US diplomats, who have been shepherding the process closely, declined immediate comment and at least one secular Kurdish politician said Kurds would try to block such a deal.
But an official from one of the main Shia Islamist parties and a leading Sunni Arab negotiator said agreement had been reached, reversing an understanding reached earlier in the recent talks that Islam would simply be "a main source" of law.
Parliament would not be able to pass legislation that contradicted the principles of Islam, several negotiators told Reuters. One Shia official said that a constitutional court would decide whether laws conformed to Islamic faith.

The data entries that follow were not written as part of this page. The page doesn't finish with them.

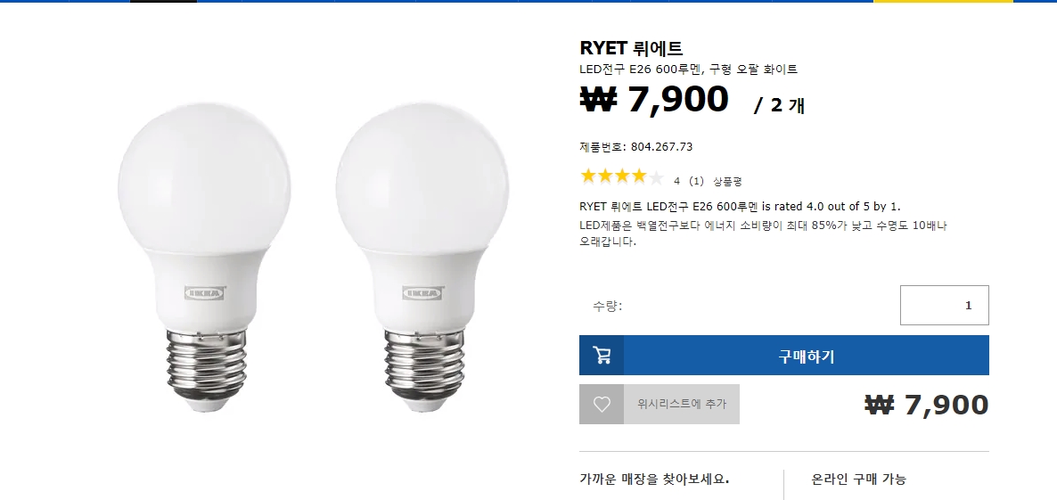 6. 이케아 LED전구 - 7,900원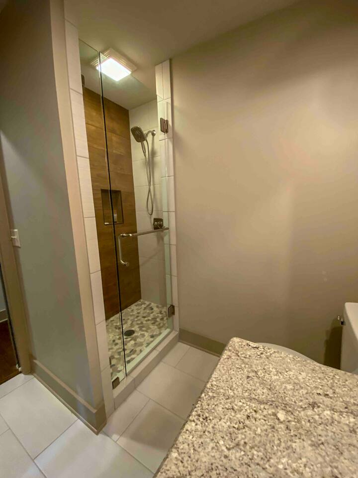 There is a ramp from the parking area to the front door with no steps required to enter the property. Downstairs is "wheelchair friendly", not ADA compliant, with a ramp from the parking area, flush front door entry, 36" doorways, and a walk-in oversized shower in the master bedroom on the main floor.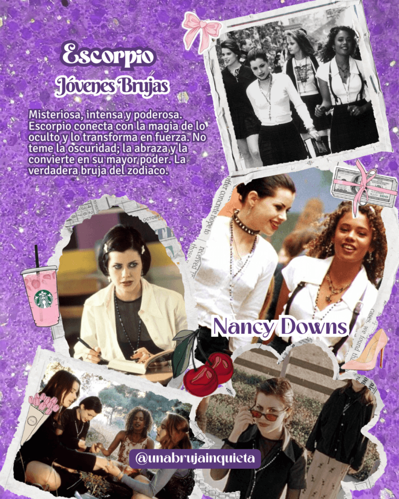 - Escorpio: Nancy Downs (Jóvenes Brujas) Misteriosa, intensa y poderosa. No temes la oscuridad; la abrazas y la conviertes en tu mayor fuerza. Eres la verdadera bruja del zodiaco, profunda y cautivadora.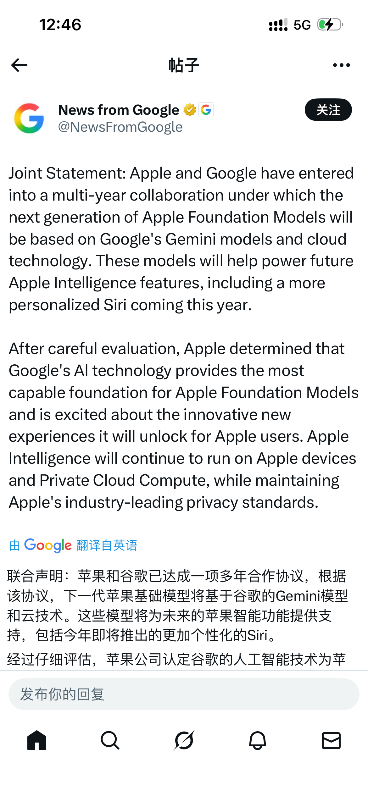 来自谷歌的官宣,Apple Intelligence将以Gemini 为基础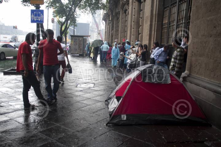 MÉXICO, D.F., 09MAYO2012.- En la calle 20 de Noviembre comenzaron desde la madrugada de hoy a hacer fila decenas de fanáticos de Paul Mccartney en espera de que mañana habran los accesos a la plancha del Zócalo capiltalino donde el ingles ofrecera un concierto en el marco de la gira "On the Road". Por la mañana el sol y por la tarde un aguacero, no mermo los animos de los seguidores del exBeatle, incluso algunos pusieron tiendas de campaña para pasar la noche. FOTO: FRANCISCO RODRÍGUEZ /CUARTOSCURO.COM

But Sunni negotiator Saleh al-Mutlak said that, at the insistence of US ambassador Zalmay Khalilzad, the constitution would also contain language stating that the "principles of democracy" would be respected.
Khalilzad, who said this month there would be "no compromise" on equal rights for women and minorities, helped draft a constitution in his native Afghanistan which declared it an "Islamic Republic" in which no law could contradict Muslim principles.
It also, however, contained language establishing equal rights for women and protecting religious minorities.
Other Arab states, including secularly ruled Egypt, have similar phrasing in their constitutions, alloting a special role for Islam in the law.
Meanwhile, US President George W. Bush, besieged at his Texas ranch by relatives of US soldiers killed in Iraq, said yesterday that the best way to honour fallen troops was to win the war on terrorism.
"We must finish the task that our troops have given their lives for and honour their sacrifice by completing their mission," the president said in his weekly radio address from his Prairie Chapel property near this tiny town.
"They know that if we do not confront these evil men abroad, we will have to face them one day in our own cities and streets, and they know that the safety and security of every American is at stake in this war, and they know we will prevail," said Bush, who was here on a five-week vacation from Washington.